GOAL OF THE EXERCISE
Write out exactly the lines from the one containing "InDream ペイズリー柄 シルク" to the end of the material, both ends included, and nothing else. Leave pictures out.

═════ DATASET EXTRACT

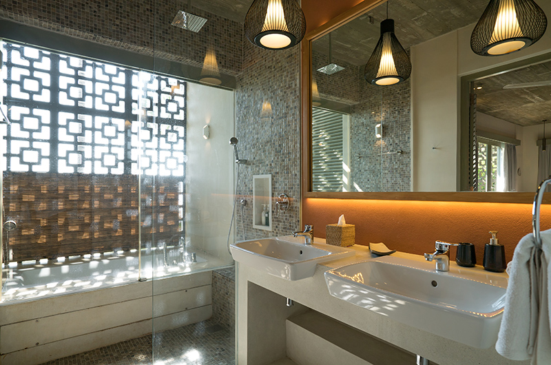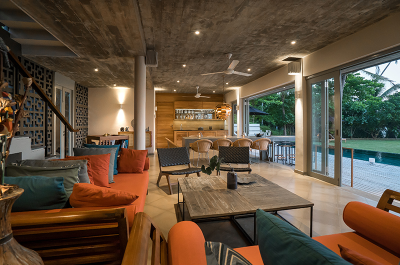 The living room can be used as a breezy open-plan lounge in true tropical style, with the massive infinity pool glimmering just outside. As the night continues, the rooms’ French doors can be closed for added privacy. The décor is a carefully curated mix of modern furniture and indigenous influences, complete with a hand-woven rattan screen alongside plush red sofas and a sleek teakwood bar.
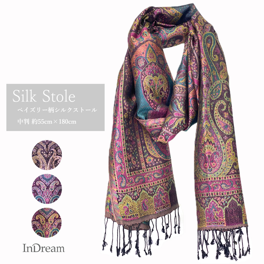 InDream ペイズリー柄 シルク ストール 中判[55cmx180cm]紫 古希祝い 春 秋冬 クリスマス ギフト おしゃれ...
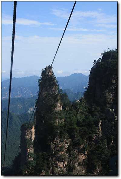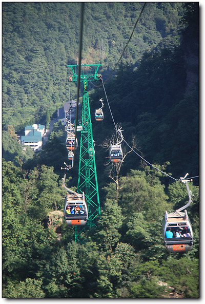 천자산 케이블카는 출발점과 도착점 간의 표고차이가 700m에 이른다.

══════════

RESPONSE AREA
 InDream ペイズリー柄 シルク ストール 中判[55cmx180cm]紫 古希祝い 春 秋冬 クリスマス ギフト おしゃれ...
 천자산 케이블카는 출발점과 도착점 간의 표고차이가 700m에 이른다.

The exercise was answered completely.